►

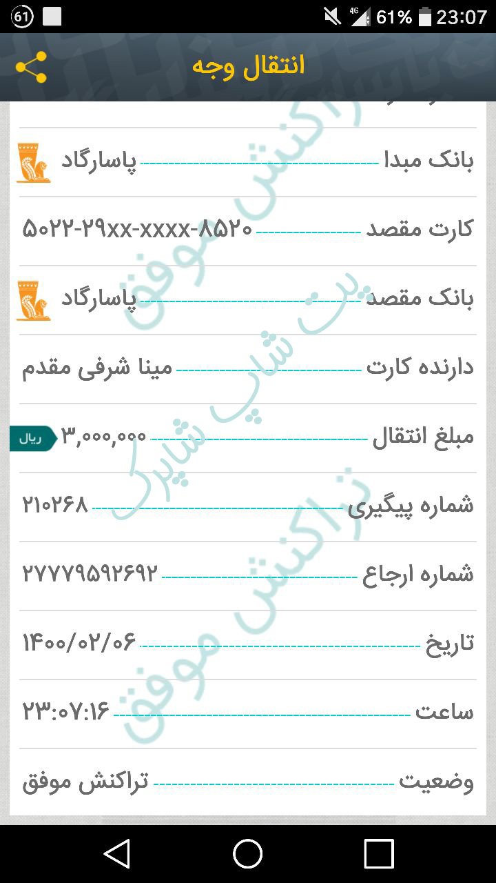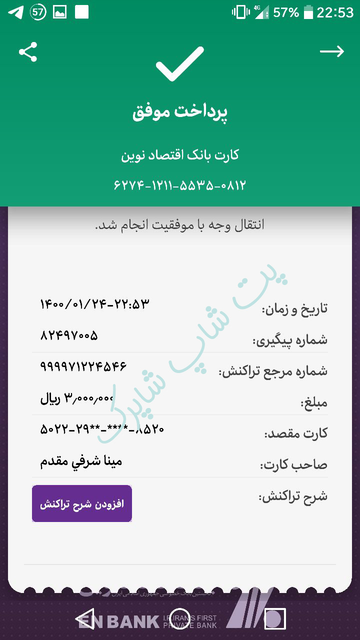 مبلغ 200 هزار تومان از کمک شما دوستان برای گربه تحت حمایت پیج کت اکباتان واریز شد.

◄
►

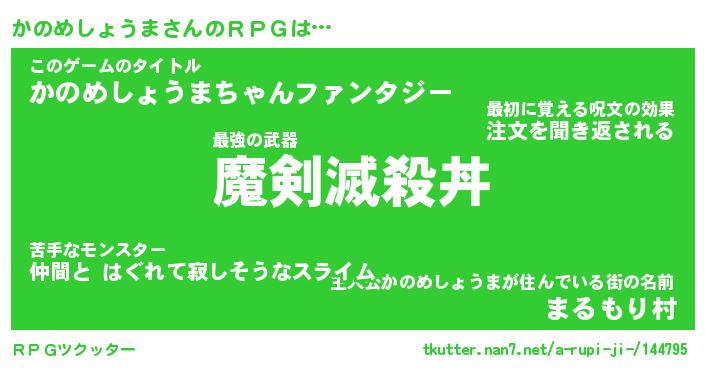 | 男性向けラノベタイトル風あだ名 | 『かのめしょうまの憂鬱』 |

◄
►

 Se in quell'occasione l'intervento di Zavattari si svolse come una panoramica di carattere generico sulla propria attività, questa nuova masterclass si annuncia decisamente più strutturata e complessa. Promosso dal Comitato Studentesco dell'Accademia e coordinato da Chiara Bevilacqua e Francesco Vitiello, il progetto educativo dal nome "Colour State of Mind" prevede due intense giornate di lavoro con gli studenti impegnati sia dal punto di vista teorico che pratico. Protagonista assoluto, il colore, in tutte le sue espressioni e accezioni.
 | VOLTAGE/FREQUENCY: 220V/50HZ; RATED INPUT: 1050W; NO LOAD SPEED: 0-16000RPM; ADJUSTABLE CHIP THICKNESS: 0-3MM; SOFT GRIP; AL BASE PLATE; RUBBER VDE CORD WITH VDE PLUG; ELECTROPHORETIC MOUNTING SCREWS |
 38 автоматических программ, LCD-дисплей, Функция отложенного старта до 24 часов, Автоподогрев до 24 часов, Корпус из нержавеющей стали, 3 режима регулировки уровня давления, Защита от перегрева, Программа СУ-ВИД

◄

**PROBLEM TO WORK ON:**
Retype, exactly and in full, the lines above from the one containing "MOUNTING SCREWS |" through the one containing "38 автоматических программ, LCD-дисплей, Функция".

**WRITTEN SOLUTION:**
 | VOLTAGE/FREQUENCY: 220V/50HZ; RATED INPUT: 1050W; NO LOAD SPEED: 0-16000RPM; ADJUSTABLE CHIP THICKNESS: 0-3MM; SOFT GRIP; AL BASE PLATE; RUBBER VDE CORD WITH VDE PLUG; ELECTROPHORETIC MOUNTING SCREWS |
 38 автоматических программ, LCD-дисплей, Функция отложенного старта до 24 часов, Автоподогрев до 24 часов, Корпус из нержавеющей стали, 3 режима регулировки уровня давления, Защита от перегрева, Программа СУ-ВИД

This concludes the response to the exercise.